How to work with PKCS#11 module

Using GUI

To switch encryption to PKCS#11 module before database encryption, click "Options" and navigate to "Modules" tab.

Select module from drop-down list of modules. After module selection, it scans for attached tokens and adds its labels to token drop-down list. Login to the token if required to select the key. DbDefence lists only AES keys. Other types are not supported. Select required key from key drop-down list.

There are several restrictions on the modules. Before adding the module please read dbd_add_module

When you switch to PKCS#11 module encryption, AES-128 and AES-256 settings from "Encryption" and "Binding" does not affect encryption anymore.

PIN for Activecrypt Demo PKCS#11: 0000.

We recommend to press "Test" to check module operations on both client and server sides. It also estimates speed of encryption for a single thread. The actual speed of database encryption will be faster because SQL Server runs in multi-threaded environment.

You may generate the source code of the tool to decrypt/encrypt database. Click here to find more.

If test succeed you may continue with another settings or click "Ok" to confirm settings.

Enter encryption password as it would be done without a module. With PKCS#11 encryption the password is still used, however it does not participate in encryption directly. It is used only to check access and to initiate database decryption. Encryption is entirely performed by the module.

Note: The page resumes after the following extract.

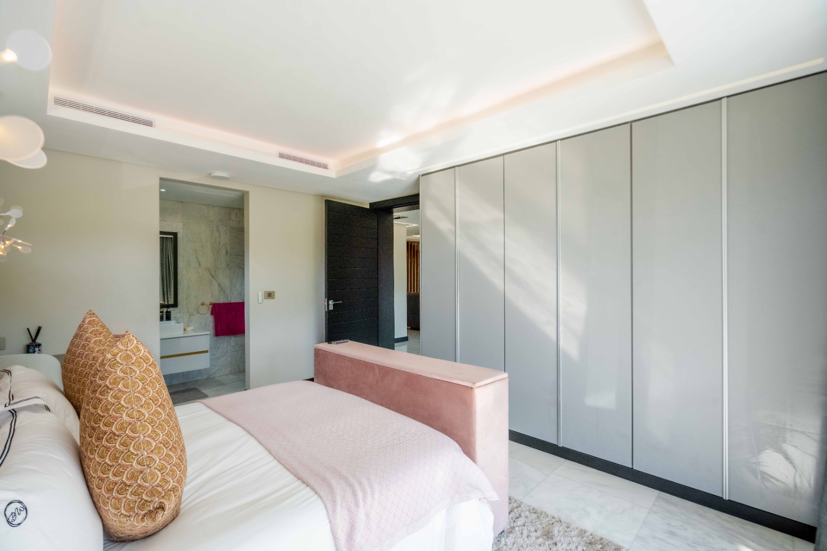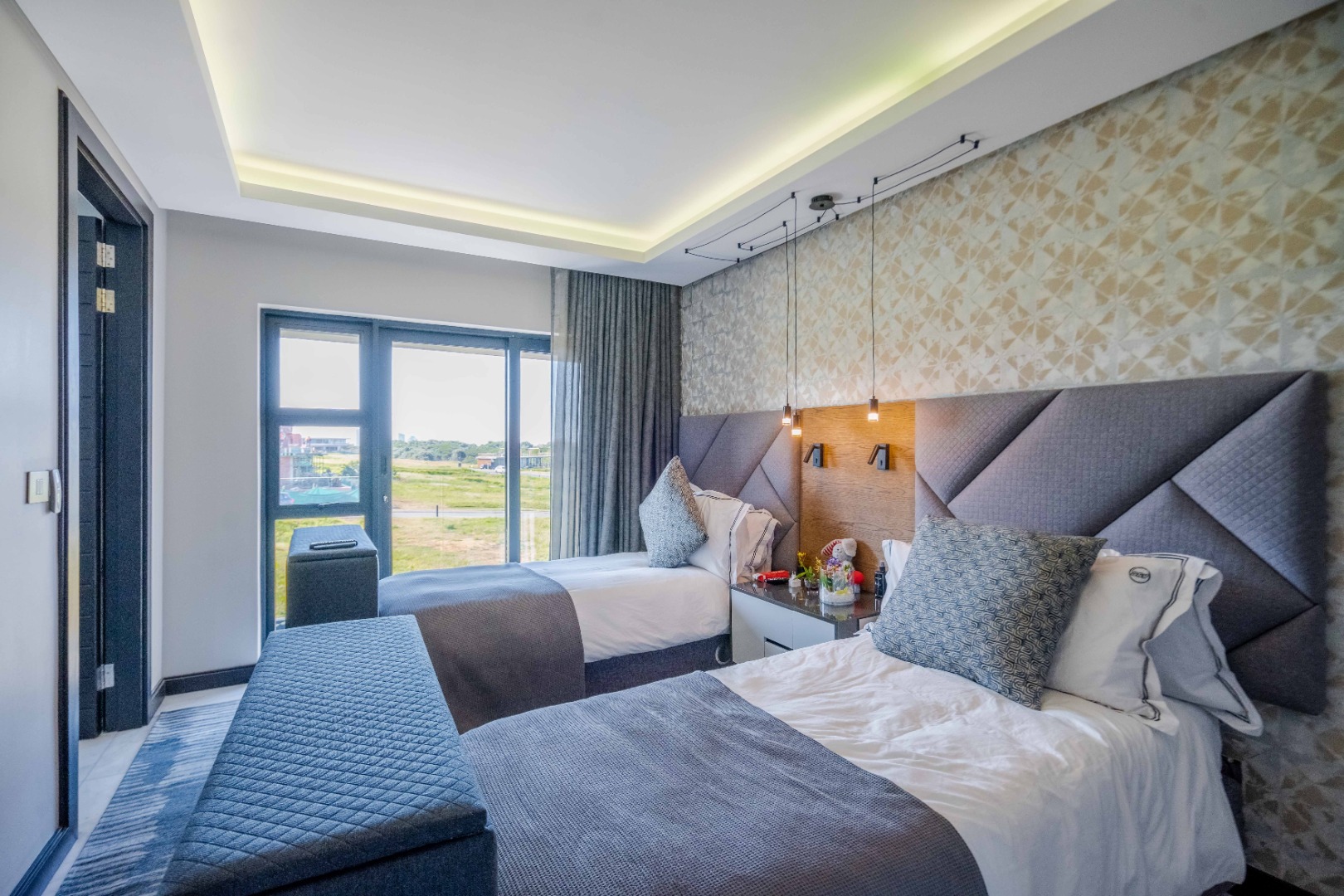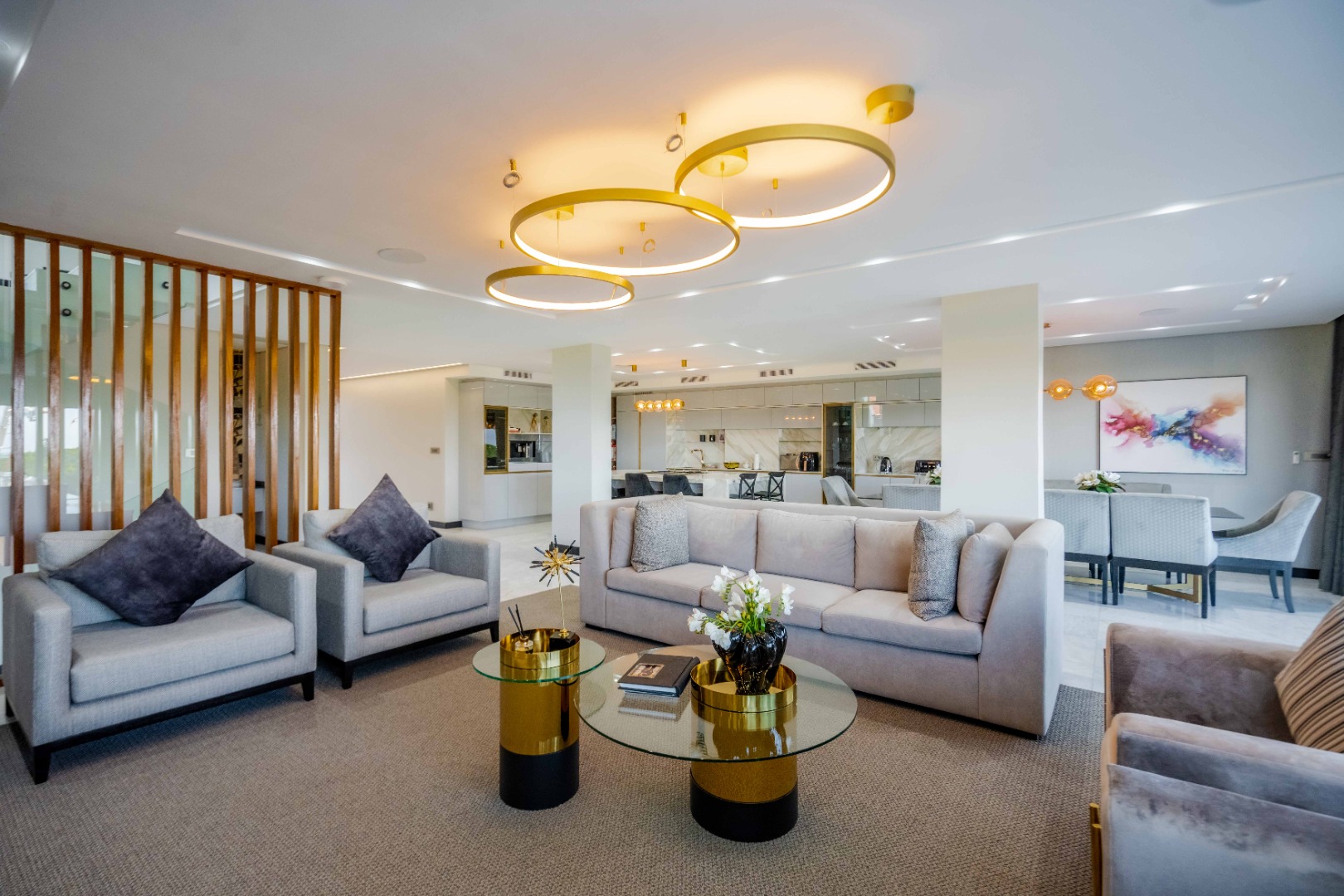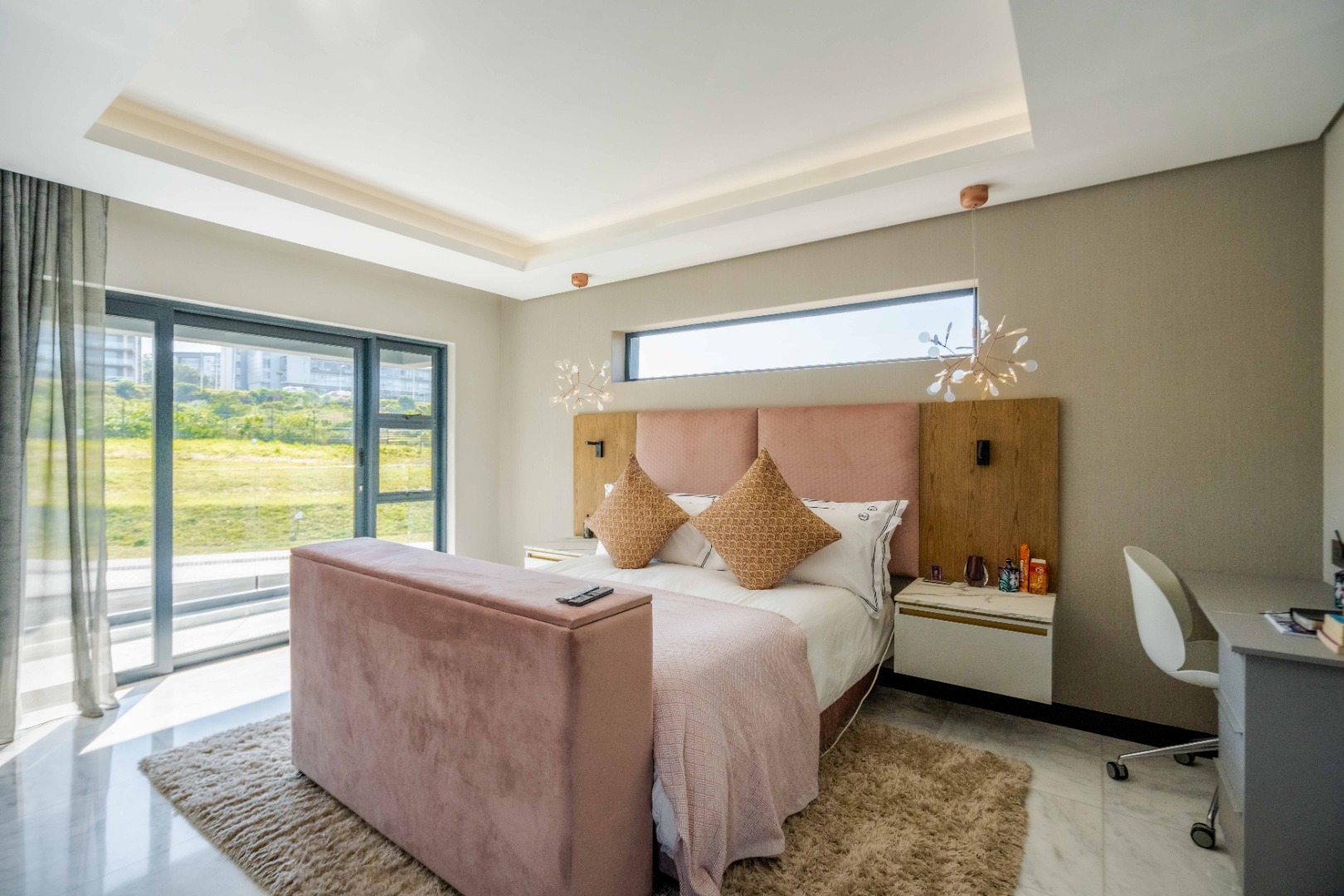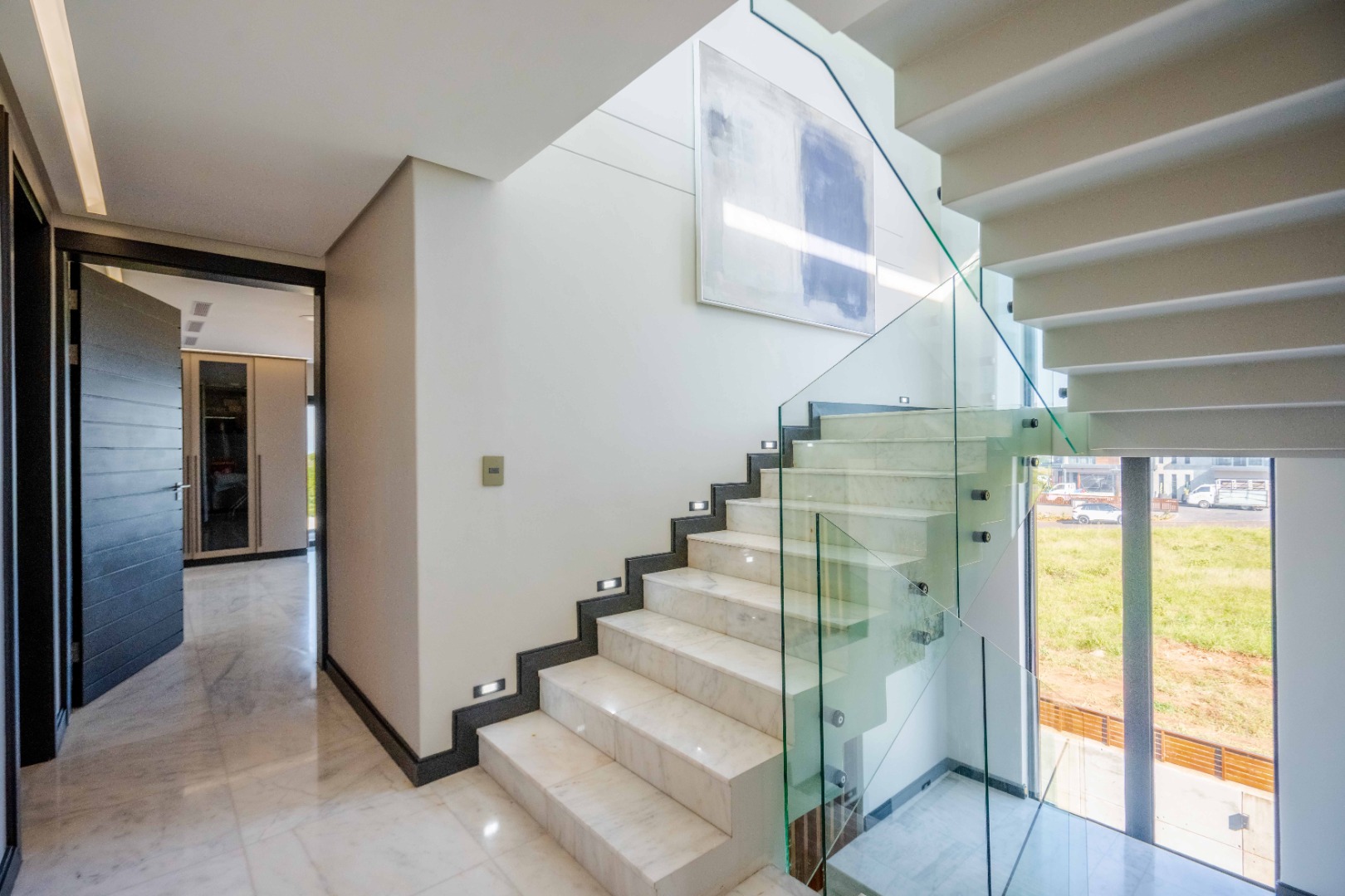 Discover an exquisite modern masterpiece, meticulously designed for opulent living and sophisticated entertaining in the prestigious Umhlanga Ridge. This multi-story residence captivates with its sleek architectural lines, a harmonious blend of grey and wood-paneled exteriors, and expansive glass elements that invite abundant natural light and frame breathtaking panoramic views, including a glimpse of the sea. A grand paved driveway leads to this contemporary sanctuary, setting an immediate tone of refined elegance. Step inside to a world of seamless luxury, where an open-concept layout effortlessly integrates living, dining, and a gourmet kitchen. Adorned with high-end finishes, including polished marble-look surfaces, bespoke cabinetry, and subtle gold accents, the interior exudes a bright and spacious ambiance. The state-of-the-art kitchen boasts a generous island and integrated appliances, perfect for culinary artistry. The residence features six lavish bedrooms, each with its own en-suite bathroom, ensuring ultimate privacy and comfort. Additional amenities include a dedicated study, a family TV room, a convenient pantry, laundry facilities, and ample storage. Embrace an unrivalled outdoor lifestyle with a private infinity pool, complete with elegant wooden decking, and a chic outdoor bar area – ideal for al fresco gatherings. The spacious patio, featuring marble tiles and glass railings, extends the living space outdoors, offering a perfect vantage point for enjoying the scenic surroundings. The property also includes staff quarters, a well-maintained garden, and air conditioning throughout, enhancing comfort and convenience. Nestled within a secure estate, this home offers peace of mind with 24-hour security, a security post, access gates, an alarm system, electric fencing, and security gates. The suburban locale of Umhlanga Ridge in Umhlanga, South Africa, provides a desirable address, combining tranquility with accessibility. Key Features: • Six en-suite bedrooms and six bathrooms • Open-plan living with panoramic and sea views • Gourmet kitchen with high-end finishes • Private infinity pool and outdoor bar • Expansive deck and patio for entertaining • Air conditioning throughout • Staff quarters and dedicated study • Secure estate living with 24-hour security • Ample parking: two garages and fifteen additional spaces

Click "Encrypt" to start Encryption

Using command line

There are 4 additional parameters to encrypt the database using PKCS module from command line:

-m module name

-O slot number

-i token pin

-l key label


dbencrypt.exe -S .\myserver -d testdb -p SrongPass -m etoken -O 1 -i 1111 -l keylabel

Demo PKCS#11 Module

Activecrypt Software provides very basic PKCS#11 module. It contains only one token and only one AES key. Token password '0000'.

Token implements basic encryption with random access cipher. Activecrypt customers may get the source code.